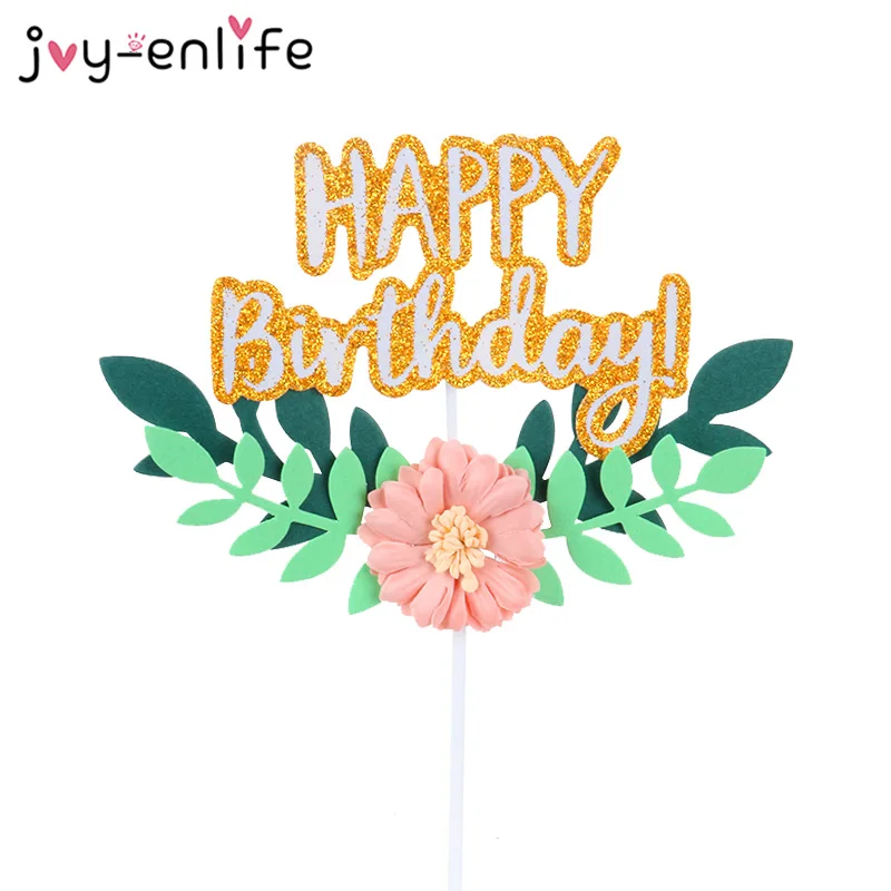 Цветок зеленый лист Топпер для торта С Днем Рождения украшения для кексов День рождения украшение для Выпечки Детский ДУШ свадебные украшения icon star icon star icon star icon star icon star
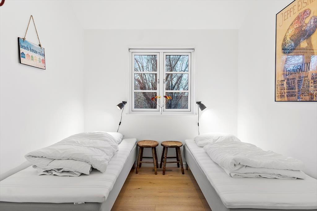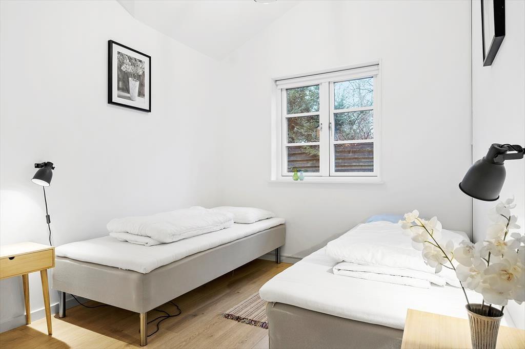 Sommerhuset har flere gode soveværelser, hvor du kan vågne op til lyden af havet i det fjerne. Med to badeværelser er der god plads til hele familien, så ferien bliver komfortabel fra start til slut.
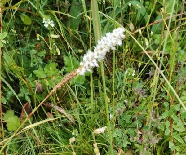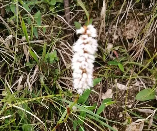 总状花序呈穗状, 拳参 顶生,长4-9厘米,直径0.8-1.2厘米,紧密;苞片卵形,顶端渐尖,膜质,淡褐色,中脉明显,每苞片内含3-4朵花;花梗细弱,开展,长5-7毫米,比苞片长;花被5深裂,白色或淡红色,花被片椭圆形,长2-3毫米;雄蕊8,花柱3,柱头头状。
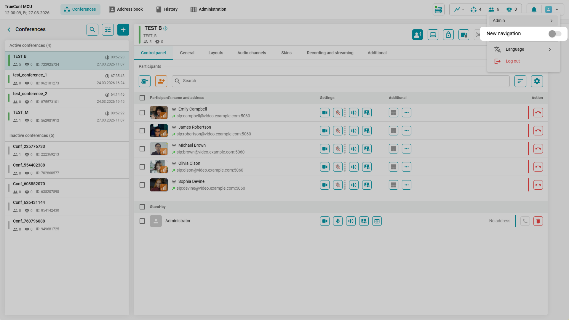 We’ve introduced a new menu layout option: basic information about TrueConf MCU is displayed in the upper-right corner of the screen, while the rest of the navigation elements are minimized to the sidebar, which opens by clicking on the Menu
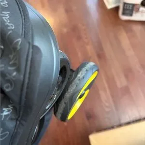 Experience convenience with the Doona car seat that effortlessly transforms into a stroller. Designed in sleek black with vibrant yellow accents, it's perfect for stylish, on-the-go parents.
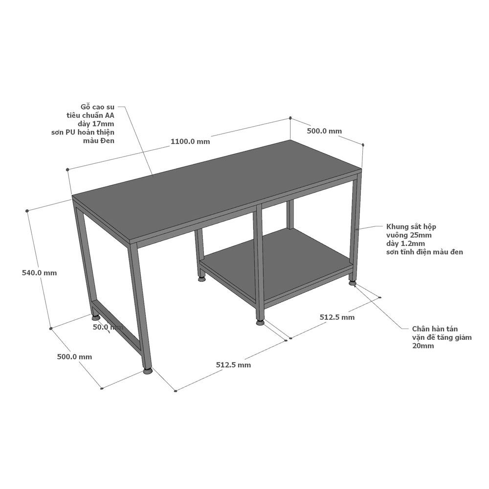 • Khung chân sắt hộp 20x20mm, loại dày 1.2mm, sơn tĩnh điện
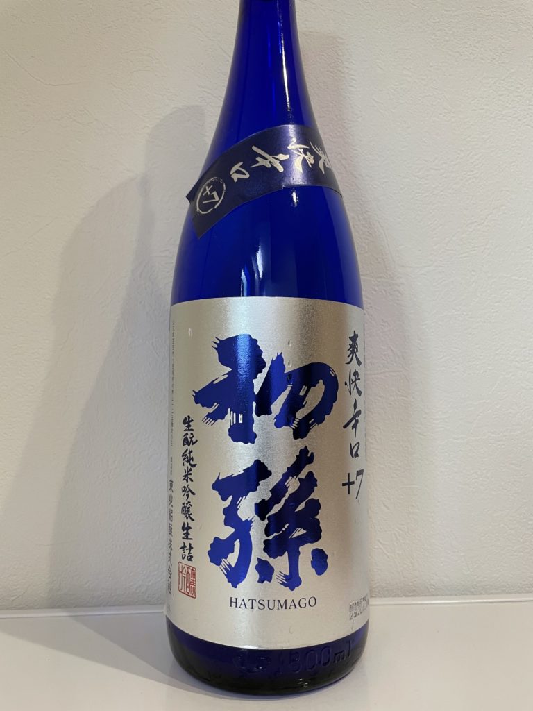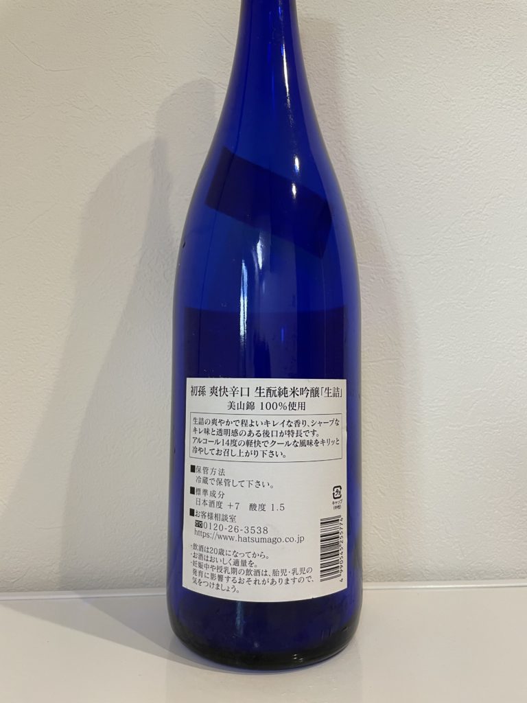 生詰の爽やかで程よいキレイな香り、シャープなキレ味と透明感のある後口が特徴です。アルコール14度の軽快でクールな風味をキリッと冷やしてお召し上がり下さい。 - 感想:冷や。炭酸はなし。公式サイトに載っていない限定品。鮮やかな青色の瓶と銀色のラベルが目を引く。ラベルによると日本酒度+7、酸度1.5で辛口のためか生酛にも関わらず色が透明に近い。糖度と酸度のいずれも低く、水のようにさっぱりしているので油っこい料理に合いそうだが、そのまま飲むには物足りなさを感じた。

*-*-*

Work item
Print the data above in full and exactly as it appears, skipping the pictures.

Exercise result
 Цветок зеленый лист Топпер для торта С Днем Рождения украшения для кексов День рождения украшение для Выпечки Детский ДУШ свадебные украшения icon star icon star icon star icon star icon star
 Sommerhuset har flere gode soveværelser, hvor du kan vågne op til lyden af havet i det fjerne. Med to badeværelser er der god plads til hele familien, så ferien bliver komfortabel fra start til slut.
 总状花序呈穗状, 拳参 顶生,长4-9厘米,直径0.8-1.2厘米,紧密;苞片卵形,顶端渐尖,膜质,淡褐色,中脉明显,每苞片内含3-4朵花;花梗细弱,开展,长5-7毫米,比苞片长;花被5深裂,白色或淡红色,花被片椭圆形,长2-3毫米;雄蕊8,花柱3,柱头头状。
 We’ve introduced a new menu layout option: basic information about TrueConf MCU is displayed in the upper-right corner of the screen, while the rest of the navigation elements are minimized to the sidebar, which opens by clicking on the Menu
 Experience convenience with the Doona car seat that effortlessly transforms into a stroller. Designed in sleek black with vibrant yellow accents, it's perfect for stylish, on-the-go parents.
 • Khung chân sắt hộp 20x20mm, loại dày 1.2mm, sơn tĩnh điện
 生詰の爽やかで程よいキレイな香り、シャープなキレ味と透明感のある後口が特徴です。アルコール14度の軽快でクールな風味をキリッと冷やしてお召し上がり下さい。 - 感想:冷や。炭酸はなし。公式サイトに載っていない限定品。鮮やかな青色の瓶と銀色のラベルが目を引く。ラベルによると日本酒度+7、酸度1.5で辛口のためか生酛にも関わらず色が透明に近い。糖度と酸度のいずれも低く、水のようにさっぱりしているので油っこい料理に合いそうだが、そのまま飲むには物足りなさを感じた。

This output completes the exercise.